LISTED ENTRIES:

= Beginning of Section =

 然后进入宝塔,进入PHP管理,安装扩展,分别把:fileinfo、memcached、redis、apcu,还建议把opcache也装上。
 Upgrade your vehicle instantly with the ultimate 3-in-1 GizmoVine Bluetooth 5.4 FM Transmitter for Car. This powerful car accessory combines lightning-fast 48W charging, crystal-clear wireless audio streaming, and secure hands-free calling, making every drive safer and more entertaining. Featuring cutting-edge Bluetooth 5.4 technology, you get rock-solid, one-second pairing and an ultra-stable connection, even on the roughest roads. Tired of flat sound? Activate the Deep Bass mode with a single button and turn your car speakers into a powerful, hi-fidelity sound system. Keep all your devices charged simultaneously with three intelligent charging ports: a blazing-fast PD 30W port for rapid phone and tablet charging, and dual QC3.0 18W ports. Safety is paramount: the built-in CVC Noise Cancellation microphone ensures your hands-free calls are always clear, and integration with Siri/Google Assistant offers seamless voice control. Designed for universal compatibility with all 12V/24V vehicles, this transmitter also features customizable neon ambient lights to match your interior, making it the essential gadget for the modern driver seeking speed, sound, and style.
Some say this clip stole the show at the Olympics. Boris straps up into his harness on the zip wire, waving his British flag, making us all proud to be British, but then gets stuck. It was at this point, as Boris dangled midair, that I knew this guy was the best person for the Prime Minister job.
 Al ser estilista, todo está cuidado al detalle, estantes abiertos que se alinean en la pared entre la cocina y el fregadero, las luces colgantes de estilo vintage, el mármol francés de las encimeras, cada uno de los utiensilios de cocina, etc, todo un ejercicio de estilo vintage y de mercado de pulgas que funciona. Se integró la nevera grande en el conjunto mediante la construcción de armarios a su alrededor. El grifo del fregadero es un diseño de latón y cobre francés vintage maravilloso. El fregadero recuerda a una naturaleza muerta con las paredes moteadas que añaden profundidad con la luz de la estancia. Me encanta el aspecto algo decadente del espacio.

= End of Section =
= Beginning of Section =

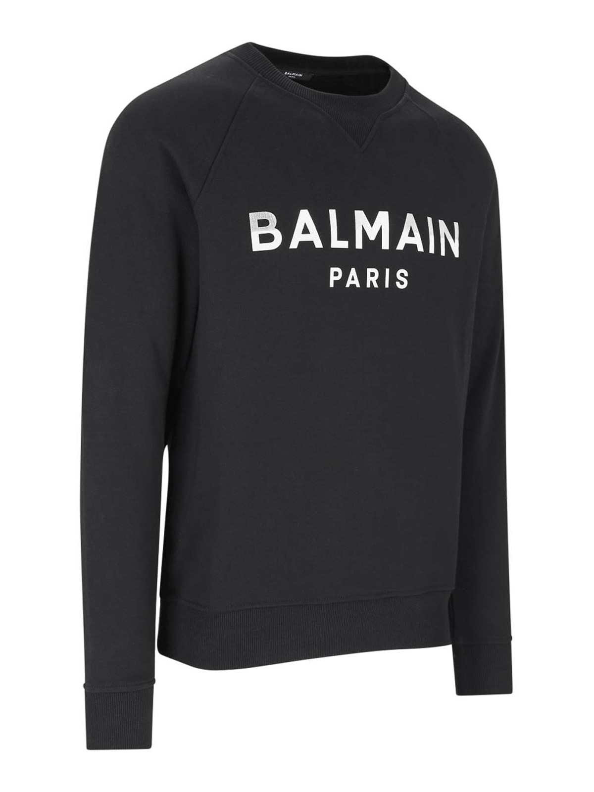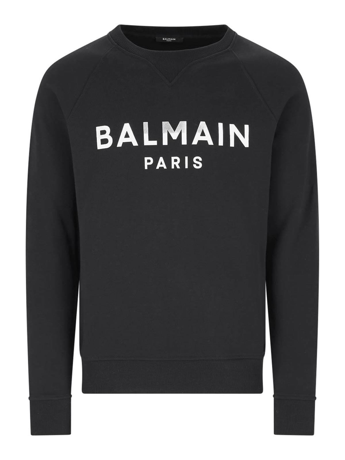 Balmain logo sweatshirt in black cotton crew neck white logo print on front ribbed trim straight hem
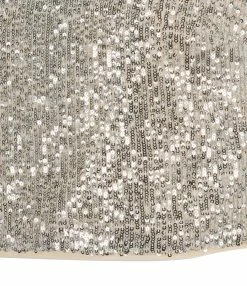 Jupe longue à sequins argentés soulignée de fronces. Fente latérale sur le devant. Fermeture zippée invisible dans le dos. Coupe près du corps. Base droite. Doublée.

= End of Section =

WORK INSTRUCTION: Output each line of the listing above that has "into".

RESPONSE TO THE EXERCISE:
 Upgrade your vehicle instantly with the ultimate 3-in-1 GizmoVine Bluetooth 5.4 FM Transmitter for Car. This powerful car accessory combines lightning-fast 48W charging, crystal-clear wireless audio streaming, and secure hands-free calling, making every drive safer and more entertaining. Featuring cutting-edge Bluetooth 5.4 technology, you get rock-solid, one-second pairing and an ultra-stable connection, even on the roughest roads. Tired of flat sound? Activate the Deep Bass mode with a single button and turn your car speakers into a powerful, hi-fidelity sound system. Keep all your devices charged simultaneously with three intelligent charging ports: a blazing-fast PD 30W port for rapid phone and tablet charging, and dual QC3.0 18W ports. Safety is paramount: the built-in CVC Noise Cancellation microphone ensures your hands-free calls are always clear, and integration with Siri/Google Assistant offers seamless voice control. Designed for universal compatibility with all 12V/24V vehicles, this transmitter also features customizable neon ambient lights to match your interior, making it the essential gadget for the modern driver seeking speed, sound, and style.
Some say this clip stole the show at the Olympics. Boris straps up into his harness on the zip wire, waving his British flag, making us all proud to be British, but then gets stuck. It was at this point, as Boris dangled midair, that I knew this guy was the best person for the Prime Minister job.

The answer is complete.